→ **DATA RECORDS**

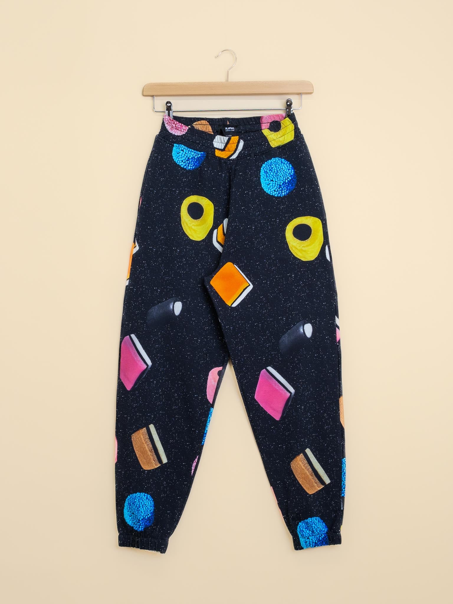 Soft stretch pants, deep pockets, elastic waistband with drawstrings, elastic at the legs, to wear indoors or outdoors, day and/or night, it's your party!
...
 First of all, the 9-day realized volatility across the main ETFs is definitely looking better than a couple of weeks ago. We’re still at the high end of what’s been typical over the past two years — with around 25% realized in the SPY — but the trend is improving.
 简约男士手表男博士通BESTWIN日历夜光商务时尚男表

→ **PROMPT**
From the material above, set down exactly the lines between the line holding "First of all, the" and the line holding "简约男士手表男博士通BESTWIN日历夜光商务时尚男表", inclusive. Include nothing else.

→ **EXERCISE RESPONSE**
 First of all, the 9-day realized volatility across the main ETFs is definitely looking better than a couple of weeks ago. We’re still at the high end of what’s been typical over the past two years — with around 25% realized in the SPY — but the trend is improving.
 简约男士手表男博士通BESTWIN日历夜光商务时尚男表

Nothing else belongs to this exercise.